The Horse

I rode along a rural blacktop in the dim light of the early morning passing farmers’ fields and flowing patches of forest green. The morning air was crisp and clean; the sun just beginning to rise over the horizon behind me; and I was soaking in the peaceful solitude and the melodious drone of the engine beneath me when ahead and to the right I glimpsed a large horse through the trees. He stood motionless in a field probably twenty-five yards off the road facing toward the blacktop, to the left as I viewed him. His head was held proudly high in the morning air. He was oddly colored; his head, neck, and forequarters a rust brown and his hindquarters white forming a diagonal line from the top and left down across his torso. I lost him behind the trees and then spied him again as I drew nearer.

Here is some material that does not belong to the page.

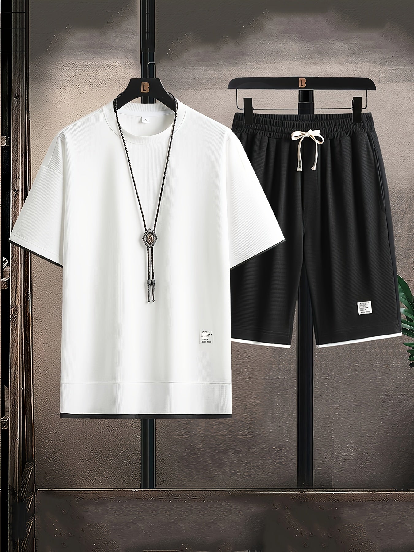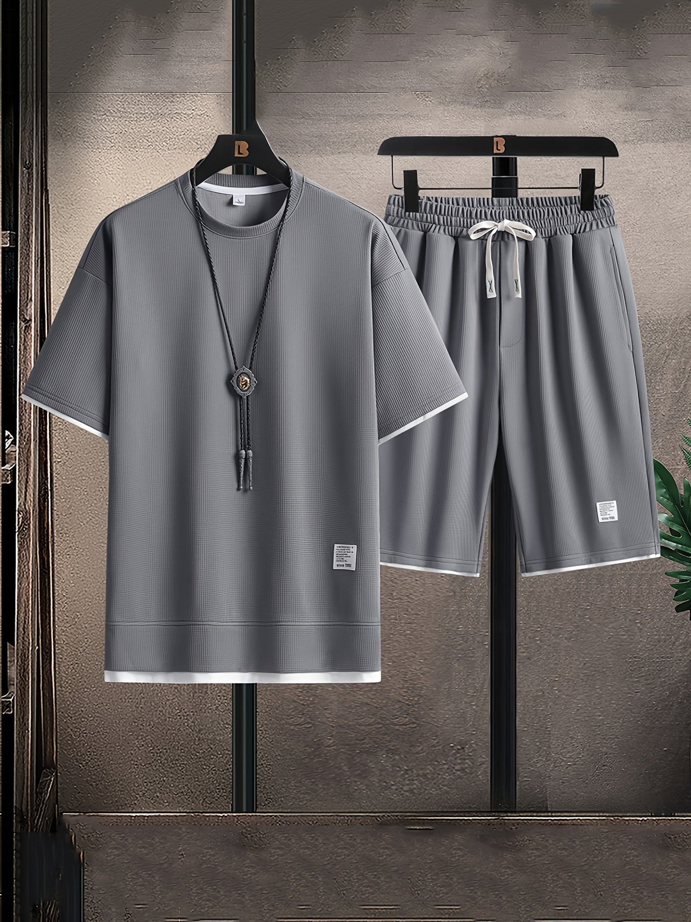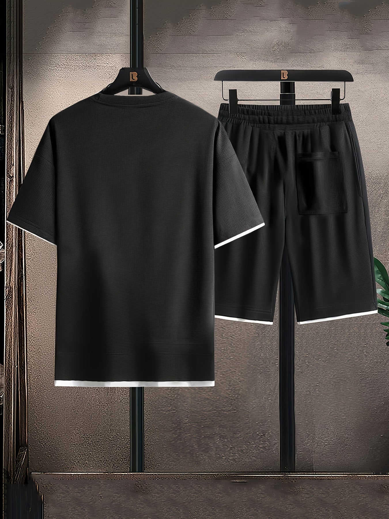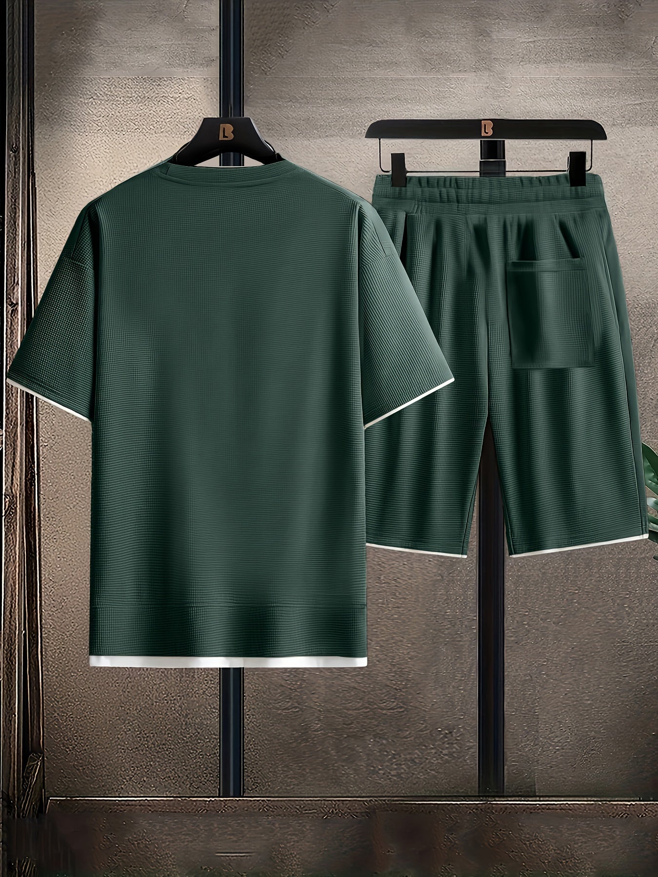 Waffle Grid տղամարդու նորաձև կլոր վզնոցով շապիկ, շնչող, առօրյա սպորտային կոստյում, երկմասանոց հավաքածու

The almost haughty manner in which he held his head high was reminiscent of Bucephalos, the great ox headed war horse of Alexander the Great. He seemed to portray the very essence of strength, of freedom and I could almost see the tossing of heads and shaking of manes that cried out the lust for battle in the mighty mounts of ancient warriors. No doubt he counted royalty in his blood lines; perhaps the likes of Traveler, the tall white steed of Robert E. Lee or Comanche the hearty survivor of the battle at the Little Big Horn. I turned the throttle slightly in anticipation as we sped toward the place where I would be able to see this magnificent beast more clearly. As I neared the woods he remained unmoving in the cool morning breeze; seemingly the master of all he surveyed; the king of his own large meadow.

Suddenly I was there. As I passed the tree line I turned my head quickly to the right to drink in the beauty for which I had longed. There before me in the light of the rising sun, shadowed by the trees, alone in a meadow sprouting with fresh shoots of grain stood a long idle oil pump jack, its rusty head thrust to the sky and its aging shaft angled to the ground behind it. It showed the signs of many years of neglect, although with certainty it had once striven long and hard drawing that precious fuel and lubrication of the civilized world from its secluded hideaway in the depths beneath this prairie farmland. Though old and worn from the constant barrage of hostile elements it would surely stand for years to come a stark reminder of what once had been; a harbinger, perhaps, of what we will one day be.

I did not look back as I rode away. I did not turn for a parting glance, but as the meadow drifted beyond my shoulder and into my past and as the harmonious drone of the engine captured my hearing once more and the brush of the morning air caressed my face, I wondered, after I was gone did it become the horse again?